Some of my favourite teachers, whose guided meditations are on Insight Timer, include Tara Brach, Joseph Goldstein, Jack Kornfield, and Sharon Salzberg. Beyond its comprehensive library of guided meditations, the app also has a useful timing feature which I find much more meditation-friendly than the alarms on my phone.
Our Circle of Control in Longevity
Tying this back into our area of focus, there are five main objects in our Circle of Control within the realm of longevity. They’re the five levers I first laid out in The Longevity Framework: sleep, nutrition, exercise, mental and emotional health, and external compounds.
Each of these five levers further breaks down into its sub-levers which allow us to take actionable and measurable steps towards our goals. Proactive people who live and operate in their Circle of Control tend to these five levers, and their sub-levers, on a consistent basis. In comparison, reactive people who live in their Circle of Concern wait until it’s too late. They’re all worry and talk, but no action.
To track habits or key daily activities that I’m trying to enforce, I keep a notebook lying open on my dresser with habits at the top and the day of the month along the side. Every morning, I put a dot under each activity that I successfully completed the day before and then tally the number of dots.
This allows me to track my progress and consistency in certain areas that I am focused on in a given month. I’ve found this format to be very effective and would highly recommend giving it a try. The habits listed here are not the only things I work on each day, but just the ones I either want to keep a record of or improve upon. There are many other habits or daily routines that are deeply ingrained into my life that I don’t bother tracking here.
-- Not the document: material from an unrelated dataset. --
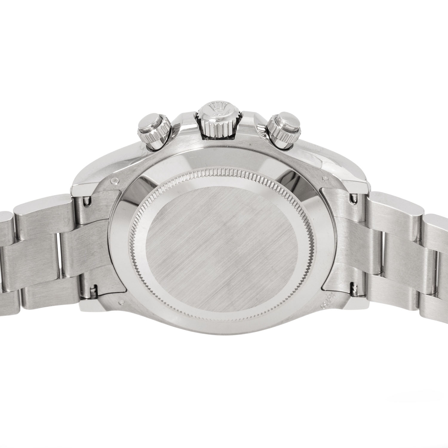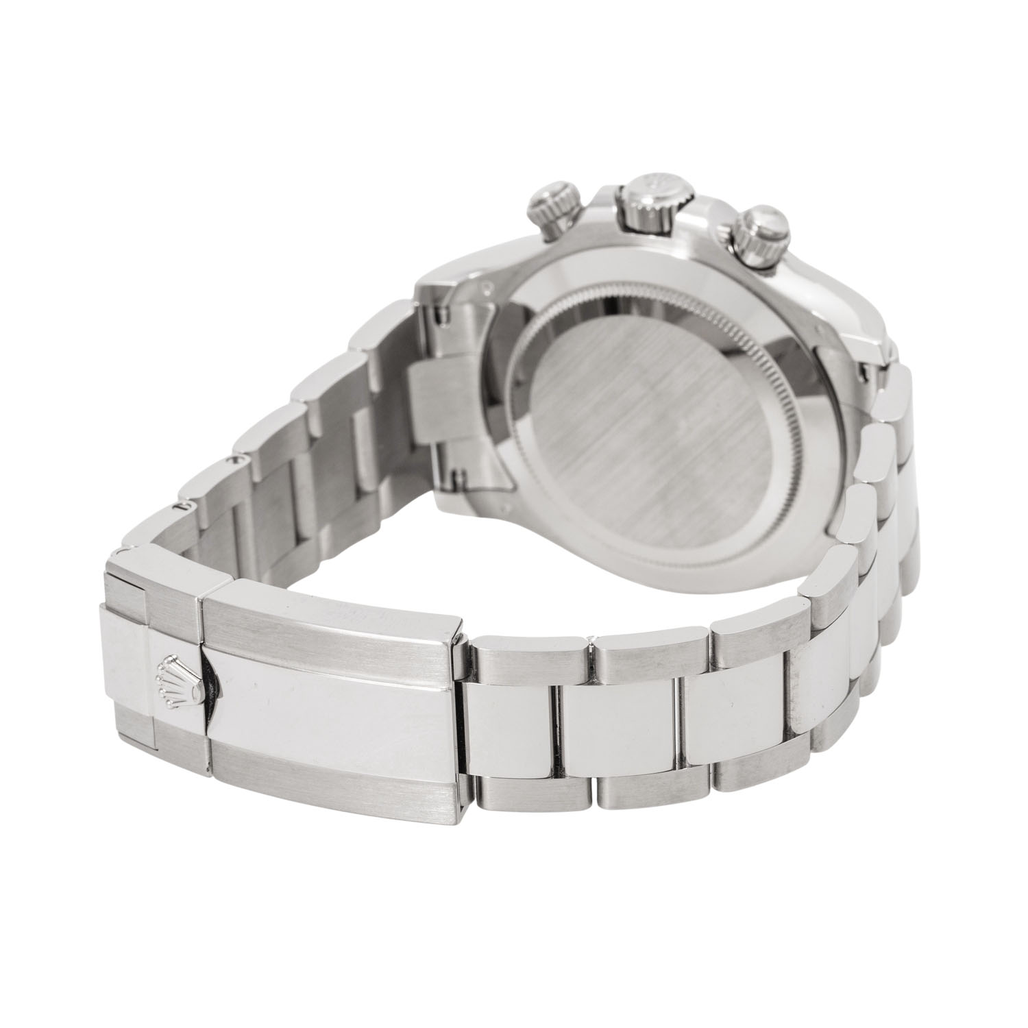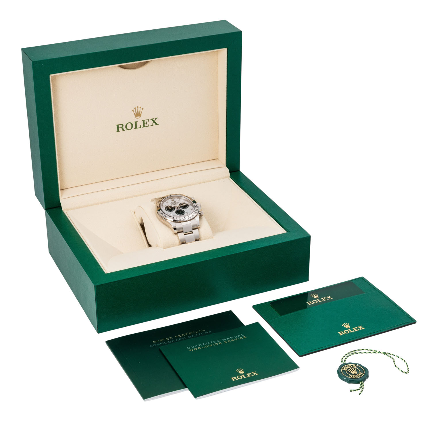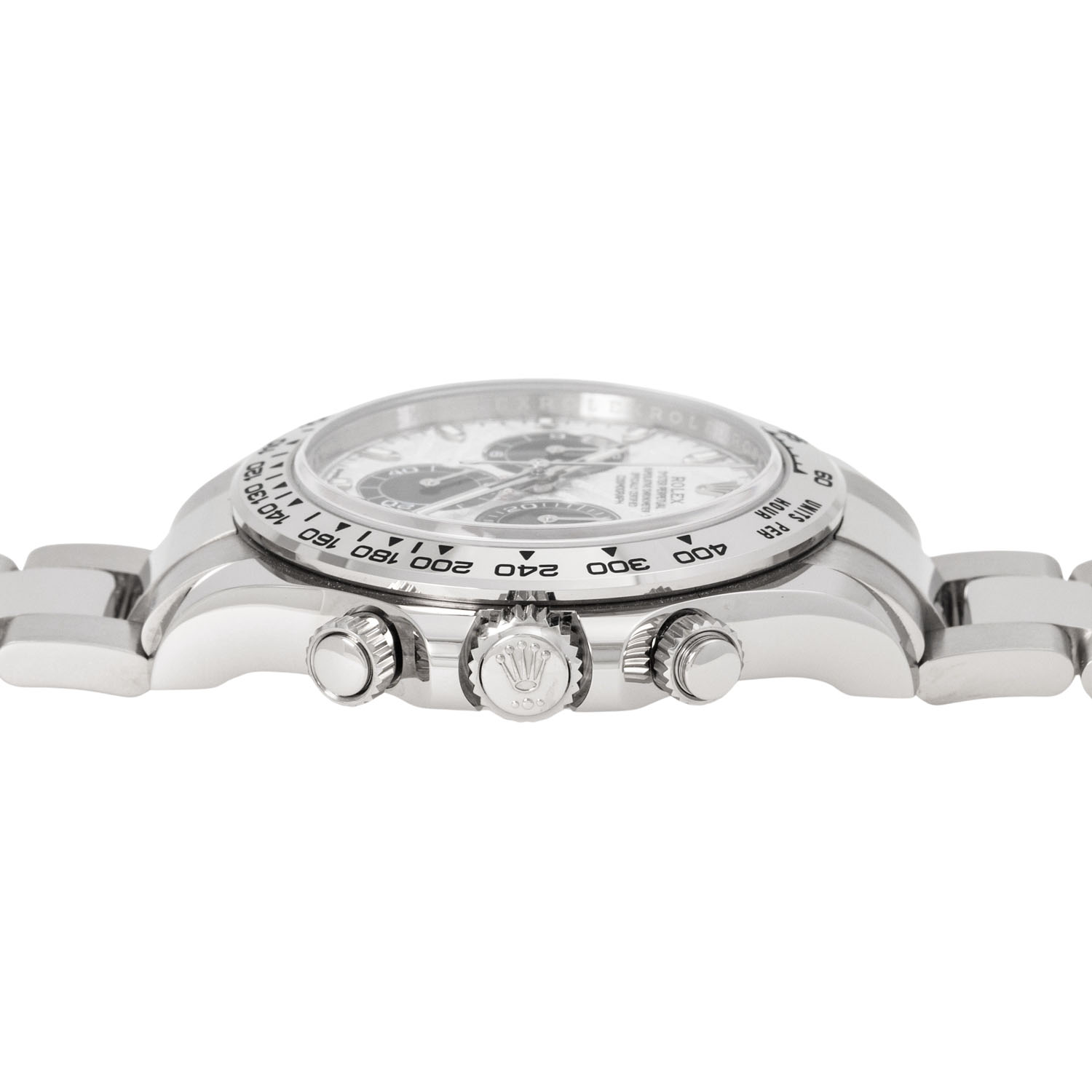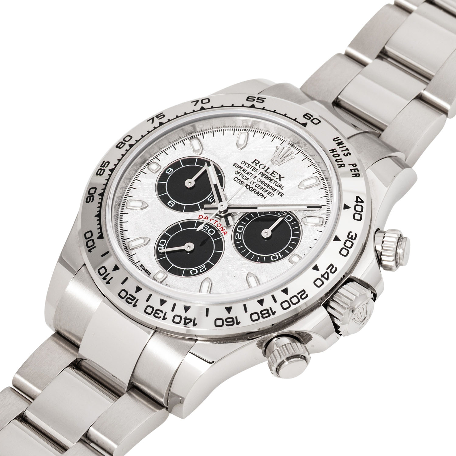 ROLEX Oyster Perpetual Cosmograph Daytona 'Meteorite' ref. 116509 men's wristwatch mint condition full set 2023. 18K white gold, serial no° 553WWXXX. Automatic movement cal. 4130 with very good working order (+3 s/d, 274° amplitude). Silver meteorite dial with white gold arrow indices, three black totalizers, white gold hands, center stop seconds and tachymeter bezel. 18K white gold Oyster bracelet with folding clasp and safety bar. Mint condition, unworn. Box and papers from 08/2023, first purchase invoice and hangtag enclosed. Diameter approx. 40 mm measured without crown. Suitable up to a wrist circumference of approx. 19,5 cm.

I hope you’ve been able to bear with me and find some value in this tangential to our main focus of longevity. The development of a mindset geared towards the lifestyle or the objective we want to achieve is the first step in moving towards that aim. To achieve anything in life, we must first become the person who is capable of achieving it. Meditate, cut out media and track key habits. These three simple practices will yield immeasurable results, vastly disproportionate to the effort and time required.